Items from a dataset
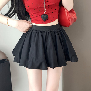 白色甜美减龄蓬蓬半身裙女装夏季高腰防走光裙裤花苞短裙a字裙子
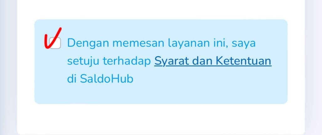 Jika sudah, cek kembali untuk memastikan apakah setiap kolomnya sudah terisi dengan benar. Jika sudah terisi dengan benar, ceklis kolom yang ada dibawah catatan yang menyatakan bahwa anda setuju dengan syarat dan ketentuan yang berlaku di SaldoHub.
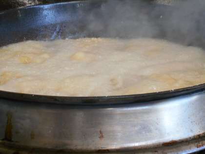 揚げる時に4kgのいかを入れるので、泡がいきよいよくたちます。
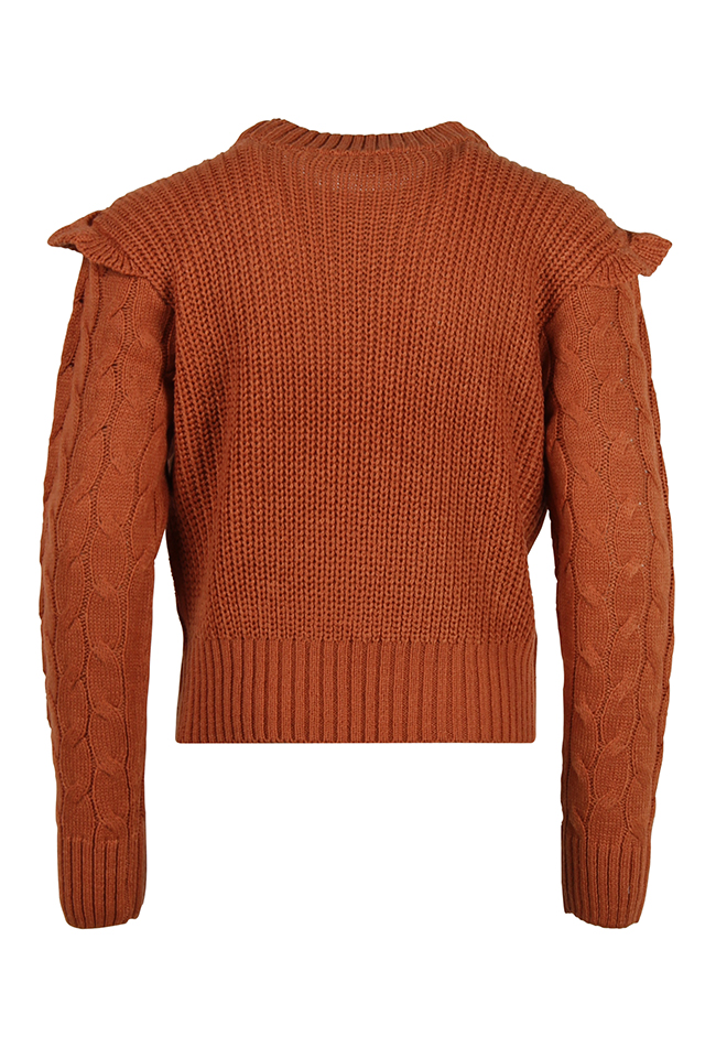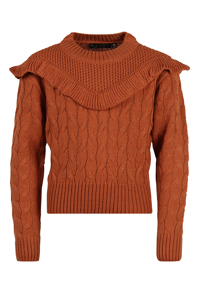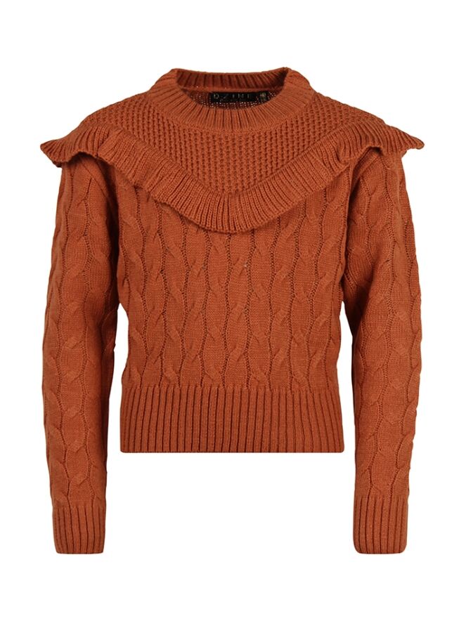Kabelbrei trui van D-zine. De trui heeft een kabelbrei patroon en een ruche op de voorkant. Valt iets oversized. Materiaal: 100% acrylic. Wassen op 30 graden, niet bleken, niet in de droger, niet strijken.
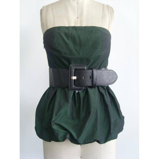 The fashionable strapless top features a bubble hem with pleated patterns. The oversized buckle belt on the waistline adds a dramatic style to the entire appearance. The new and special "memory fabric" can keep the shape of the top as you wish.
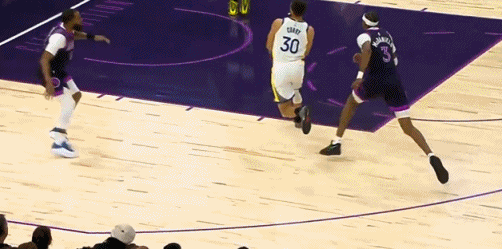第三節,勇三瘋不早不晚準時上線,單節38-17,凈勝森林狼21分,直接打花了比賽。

### WORK INSTRUCTION
The entries are to be written out again exactly, though without any images.

### RESULT FOR THIS TASK
 白色甜美减龄蓬蓬半身裙女装夏季高腰防走光裙裤花苞短裙a字裙子
 Jika sudah, cek kembali untuk memastikan apakah setiap kolomnya sudah terisi dengan benar. Jika sudah terisi dengan benar, ceklis kolom yang ada dibawah catatan yang menyatakan bahwa anda setuju dengan syarat dan ketentuan yang berlaku di SaldoHub.
 揚げる時に4kgのいかを入れるので、泡がいきよいよくたちます。
Kabelbrei trui van D-zine. De trui heeft een kabelbrei patroon en een ruche op de voorkant. Valt iets oversized. Materiaal: 100% acrylic. Wassen op 30 graden, niet bleken, niet in de droger, niet strijken.
 The fashionable strapless top features a bubble hem with pleated patterns. The oversized buckle belt on the waistline adds a dramatic style to the entire appearance. The new and special "memory fabric" can keep the shape of the top as you wish.
第三節,勇三瘋不早不晚準時上線,單節38-17,凈勝森林狼21分,直接打花了比賽。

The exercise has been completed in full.